**YOUR OBJECTIVE**
In the data below, begin at the line with "Importante netsuke in" and stop after the line with "飲食店を中心に事業展開する株"; output those lines exactly and no pictures.

**DATA IN THIS EXERCISE**
========
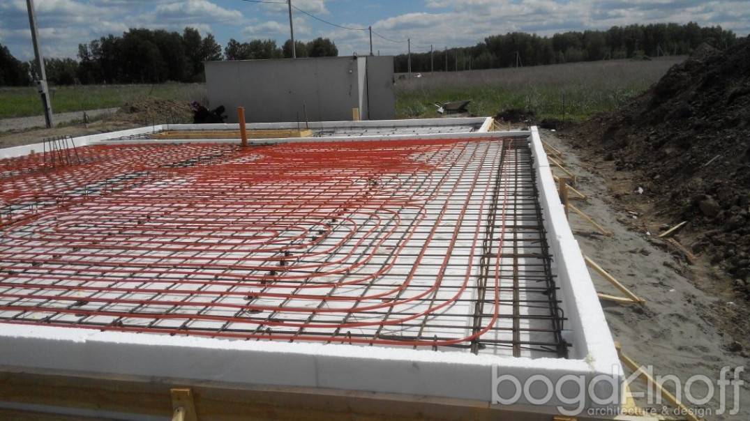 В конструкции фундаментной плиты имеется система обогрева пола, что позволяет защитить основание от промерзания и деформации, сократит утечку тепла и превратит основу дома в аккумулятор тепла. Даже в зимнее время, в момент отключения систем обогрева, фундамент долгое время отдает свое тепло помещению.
========
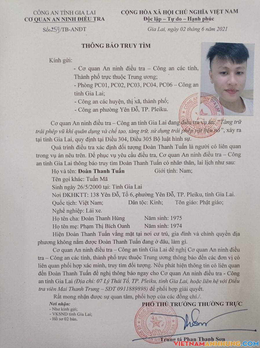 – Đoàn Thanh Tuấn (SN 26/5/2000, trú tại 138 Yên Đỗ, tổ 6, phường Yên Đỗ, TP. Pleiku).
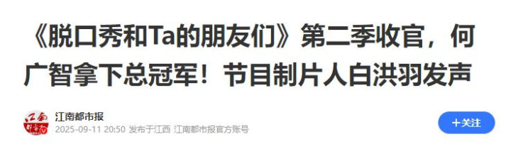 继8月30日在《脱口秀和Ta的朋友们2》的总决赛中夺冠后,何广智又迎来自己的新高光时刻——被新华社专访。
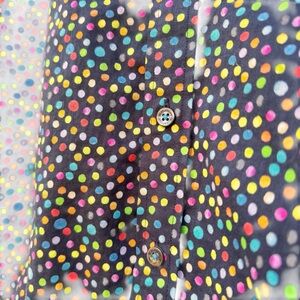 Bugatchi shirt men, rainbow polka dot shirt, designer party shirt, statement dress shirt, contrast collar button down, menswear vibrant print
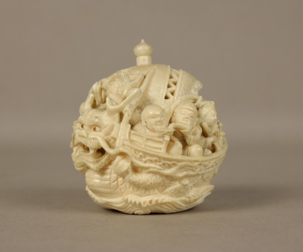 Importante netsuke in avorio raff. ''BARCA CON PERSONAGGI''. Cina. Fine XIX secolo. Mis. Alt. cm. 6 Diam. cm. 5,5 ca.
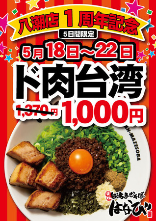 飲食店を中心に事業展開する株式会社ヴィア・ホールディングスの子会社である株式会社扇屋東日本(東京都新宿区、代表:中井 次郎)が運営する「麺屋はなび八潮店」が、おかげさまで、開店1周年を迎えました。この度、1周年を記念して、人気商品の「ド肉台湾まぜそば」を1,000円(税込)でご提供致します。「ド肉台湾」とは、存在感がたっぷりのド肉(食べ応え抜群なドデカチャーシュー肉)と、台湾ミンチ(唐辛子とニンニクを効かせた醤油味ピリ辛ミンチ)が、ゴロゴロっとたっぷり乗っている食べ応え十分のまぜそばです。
========
**RESPONSE**
 Importante netsuke in avorio raff. ''BARCA CON PERSONAGGI''. Cina. Fine XIX secolo. Mis. Alt. cm. 6 Diam. cm. 5,5 ca.
 飲食店を中心に事業展開する株式会社ヴィア・ホールディングスの子会社である株式会社扇屋東日本(東京都新宿区、代表:中井 次郎)が運営する「麺屋はなび八潮店」が、おかげさまで、開店1周年を迎えました。この度、1周年を記念して、人気商品の「ド肉台湾まぜそば」を1,000円(税込)でご提供致します。「ド肉台湾」とは、存在感がたっぷりのド肉(食べ応え抜群なドデカチャーシュー肉)と、台湾ミンチ(唐辛子とニンニクを効かせた醤油味ピリ辛ミンチ)が、ゴロゴロっとたっぷり乗っている食べ応え十分のまぜそばです。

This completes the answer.